> Problem description: Everything from the line that contains "[세계로컬타임즈 글·사진 조주연" through the last line below should be transcribed exactly, except the pictures.

> Data:
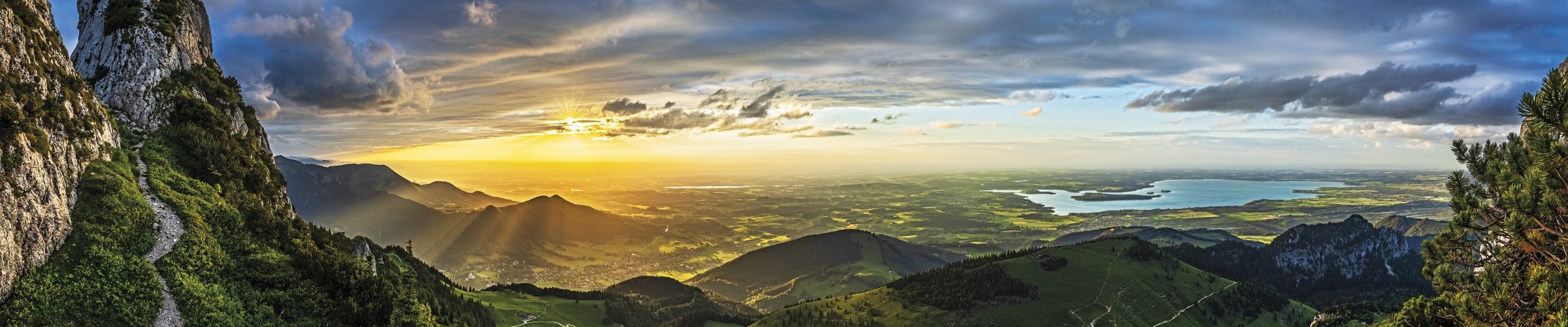 Ein herrlicher Tag neigt sich dem Ende zu. Die Panoramaaufnahme zeigt den Blick von der Kampenwand gegen Westen im weichen Abendlicht. Der Chiemsee, das bayerische Meer in seiner vollen Größe liegt dem nördlichen Alpenrand zu Füßen.
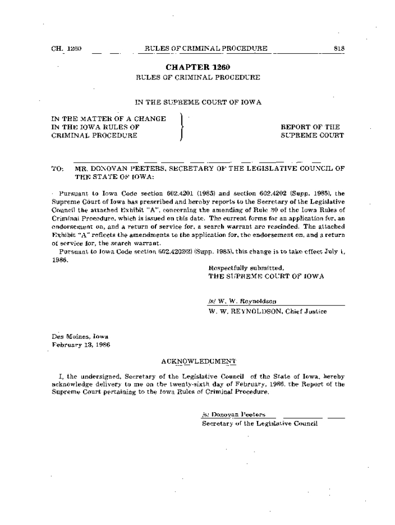CH. 1260RULES OF CRIMINAL PROCEDURE818CHAPTER 1260 RULES OF CRIMINAL PROCEDURE IN THE SUPREME COURT OF IOWA IN THE MATTER OF A CHANGE IN THE IOWA RULES OF CRIMINAL PROCEDURE TO:REPORT OF THE SUPREME
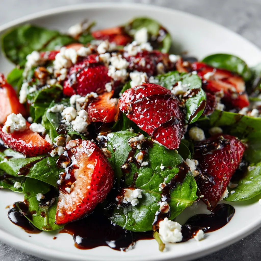 The beauty of this salad lies not just in its vibrant colors and contrasting textures, but in how each ingredient complements the others to create a symphony of flavors. The natural sweetness of ripe strawberries pairs beautifully with the earthy undertones of fresh baby spinach, while the salty, creamy feta cheese adds richness and depth. Toasted pecans provide a satisfying crunch that contrasts wonderfully with the tender greens, and the homemade balsamic glaze ties everything together with its sweet-tangy finish.
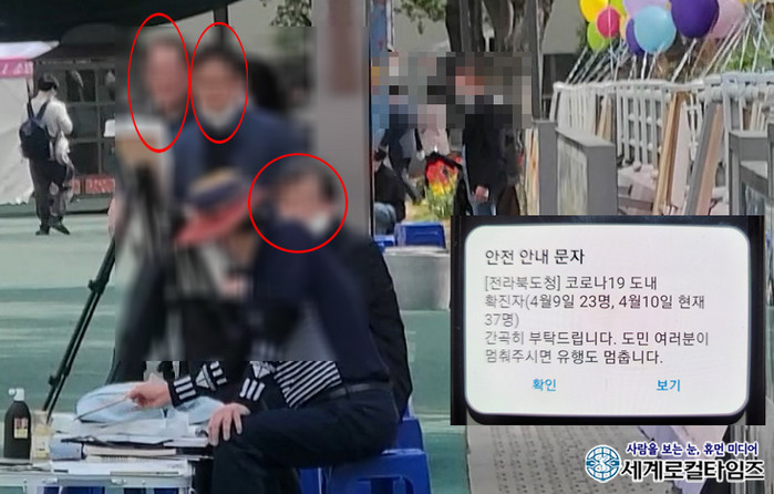 [세계로컬타임즈 글·사진 조주연 기자] 전북도 방역당국이 도민들에게 ‘멈춤’을 간곡히 당부하고 있는 가운데 김제시가 문화행사를 펼쳐 전북도와 엇박자를 보이고 있다는 지적이다. 백여명의 시민이 몰렸고 행사관계자는 마스크를 벗어 던졌다.
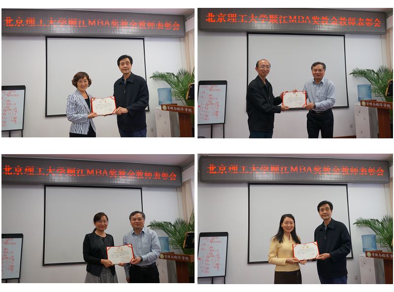 ob真人竞猜第七届顺江MBA奖教金优秀教师表彰会于2014年4月25日举行。参加会议的有管理与经济学院院长魏一鸣、学院党委书记李金林、获奖教师及MBA中心工作人员。
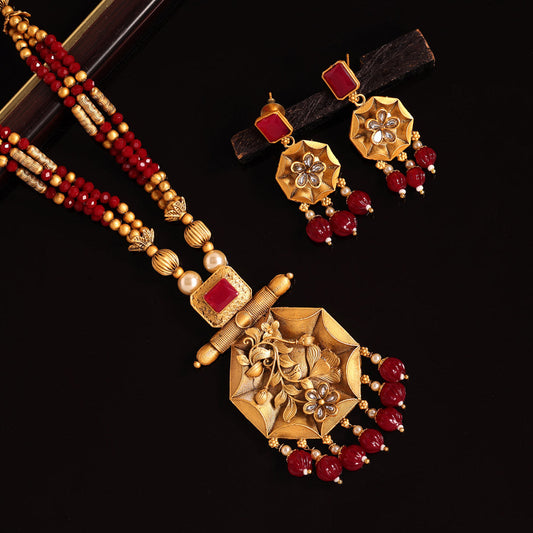 Maroon Color Vilandi Kundan Long Matte Gold Rajwadi Temple Necklace Set (TPLN474MRN)

> Answer box:
 [세계로컬타임즈 글·사진 조주연 기자] 전북도 방역당국이 도민들에게 ‘멈춤’을 간곡히 당부하고 있는 가운데 김제시가 문화행사를 펼쳐 전북도와 엇박자를 보이고 있다는 지적이다. 백여명의 시민이 몰렸고 행사관계자는 마스크를 벗어 던졌다.
 ob真人竞猜第七届顺江MBA奖教金优秀教师表彰会于2014年4月25日举行。参加会议的有管理与经济学院院长魏一鸣、学院党委书记李金林、获奖教师及MBA中心工作人员。
 Maroon Color Vilandi Kundan Long Matte Gold Rajwadi Temple Necklace Set (TPLN474MRN)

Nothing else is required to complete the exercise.